In a lot of households, certain members consider any new piece of hi-fi gear unwelcome, even if it's an unobtrusive little white surround speaker jutting out from the wall. One of the most noteworthy attempts to get past this problem comes from PINNACLE, which has designed a surround speaker to fit perfectly into the upper rear corners of your home-theater room. In place, the Pyramid looks like a more tasteful version of the Led Zeppelin posters I used to tack up in the corners of my room--it completely fills the corner, but because it's white, you barely notice it (assuming you have white walls).

It actually takes less time to install than a Led Zeppelin poster, too. Just sink an expander bolt or a screw into your wall and hang the speaker from it. The connectors are in the rear, and they leave no room for chunky wire like the XLO. Instead, I used some slim, white zip cord to hook up the Pyramids. I just ran it right in the corner from the baseboard to the speaker.

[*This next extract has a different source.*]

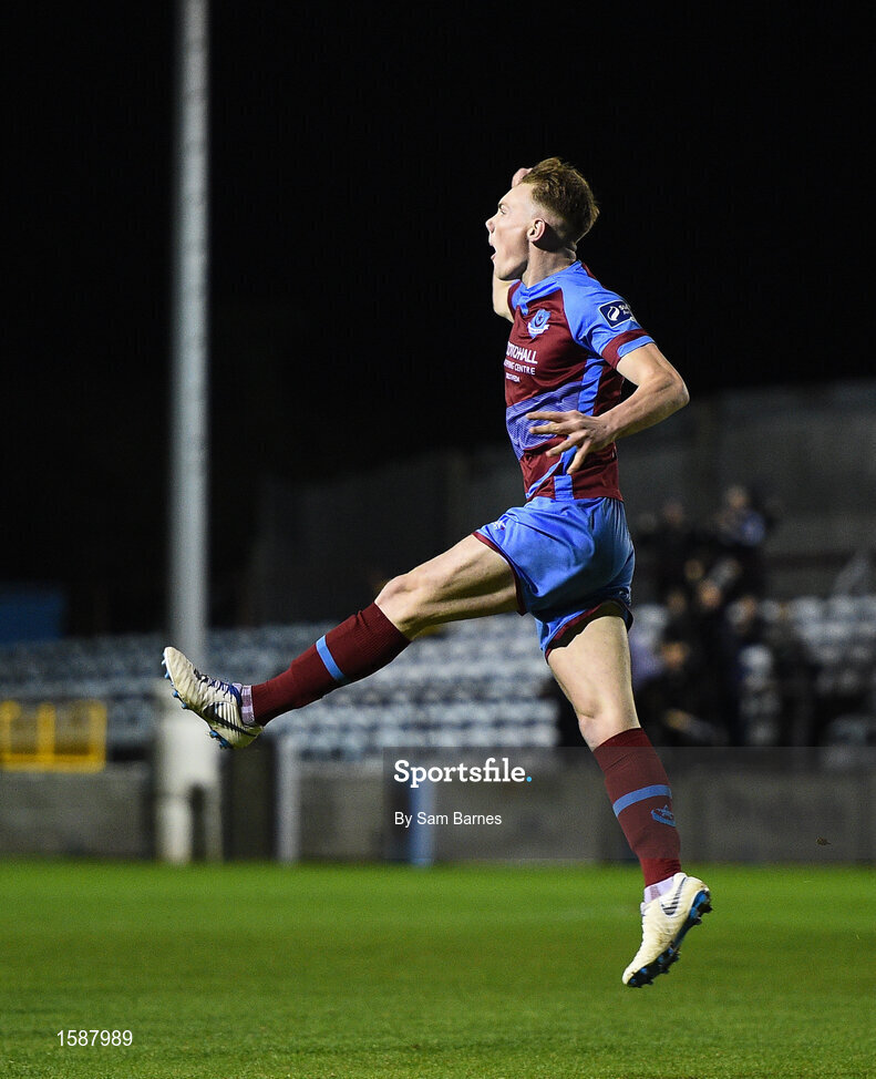12 October 2018; Ciaran Kelly of Drogheda United celebrates after scoring his side's first goal during the SSE Airtricity League Promotion / Relegation Play-off Series 1st leg match between Drogheda United and Finn Harps at United Park in Louth. Photo by Sam Barnes/Sportsfile

We got a real chuckle out of the Pyramid when we pulled the grille off--it's one of the few speakers we've ever seen with a tweeter that's almost the same size as the woofer! Given its appearance, I didn't expect the Pyramid to sound great; 2-inch tweeters seldom go very high,
and 3-inch woofers don't go very low. But in a modest Pro-Logic system the Pyramid makes an excellent showing. The speaker easily and cleanly reproduces the 100 Hertz to 7 kilohertz range of Pro-Logic's surround channel.

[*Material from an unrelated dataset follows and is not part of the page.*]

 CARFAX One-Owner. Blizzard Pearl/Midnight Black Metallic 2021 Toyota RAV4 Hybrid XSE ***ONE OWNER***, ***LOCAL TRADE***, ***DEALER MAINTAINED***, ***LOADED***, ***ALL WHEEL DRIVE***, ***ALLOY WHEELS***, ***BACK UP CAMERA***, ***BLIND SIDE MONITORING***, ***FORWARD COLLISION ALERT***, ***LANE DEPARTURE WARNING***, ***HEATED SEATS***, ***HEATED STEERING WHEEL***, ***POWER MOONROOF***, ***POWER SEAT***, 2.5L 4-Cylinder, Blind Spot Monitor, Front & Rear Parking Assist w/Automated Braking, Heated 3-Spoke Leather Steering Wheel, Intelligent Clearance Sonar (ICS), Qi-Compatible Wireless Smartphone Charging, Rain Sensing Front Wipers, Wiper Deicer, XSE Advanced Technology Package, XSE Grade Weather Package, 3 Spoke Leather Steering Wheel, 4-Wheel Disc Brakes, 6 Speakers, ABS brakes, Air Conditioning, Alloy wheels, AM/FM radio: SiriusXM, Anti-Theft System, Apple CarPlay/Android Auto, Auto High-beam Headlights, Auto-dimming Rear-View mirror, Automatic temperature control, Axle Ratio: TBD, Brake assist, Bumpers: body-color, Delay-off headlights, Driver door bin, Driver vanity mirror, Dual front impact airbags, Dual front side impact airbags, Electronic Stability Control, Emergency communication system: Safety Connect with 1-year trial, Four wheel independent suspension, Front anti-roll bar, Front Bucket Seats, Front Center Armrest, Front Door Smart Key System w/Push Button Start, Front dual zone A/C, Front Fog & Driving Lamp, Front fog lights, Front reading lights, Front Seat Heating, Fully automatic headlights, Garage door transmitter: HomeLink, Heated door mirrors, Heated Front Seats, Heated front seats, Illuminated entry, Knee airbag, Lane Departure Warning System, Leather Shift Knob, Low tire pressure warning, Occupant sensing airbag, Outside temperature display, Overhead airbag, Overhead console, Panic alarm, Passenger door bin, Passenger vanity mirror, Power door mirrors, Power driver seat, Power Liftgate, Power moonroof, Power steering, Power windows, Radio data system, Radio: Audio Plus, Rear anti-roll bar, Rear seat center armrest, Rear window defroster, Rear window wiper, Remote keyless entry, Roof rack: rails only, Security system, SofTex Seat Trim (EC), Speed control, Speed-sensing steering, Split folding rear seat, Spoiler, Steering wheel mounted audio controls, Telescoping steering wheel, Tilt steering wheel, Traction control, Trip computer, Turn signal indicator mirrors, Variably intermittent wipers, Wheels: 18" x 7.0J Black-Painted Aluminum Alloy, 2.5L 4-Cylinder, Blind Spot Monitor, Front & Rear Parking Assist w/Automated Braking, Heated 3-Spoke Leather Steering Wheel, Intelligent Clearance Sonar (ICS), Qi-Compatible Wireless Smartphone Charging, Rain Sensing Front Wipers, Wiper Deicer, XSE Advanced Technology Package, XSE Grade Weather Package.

What's really great about the Pyramid, though, is its dispersion characteristics. Much of its sound bounces off the walls and ceiling surrounding it. As a result, you get a nice blend of the big, diffused sound of a dipole speaker, and the focused sound of a conventional,
direct-radiating speaker. And after using dipoles in my system for so long, I really enjoyed having the speakers further back, so that sounds moving from the front speakers to the surrounds move past you, instead of just diffusing into the back of the room. I'd like to see a somewhat bigger, more full-range speaker of the same design as the Pyramid--it might be the perfect surround speaker for AC-3, where the debate over dipoles versus direct-radiating speakers for the surround channel seems destined to go on forever.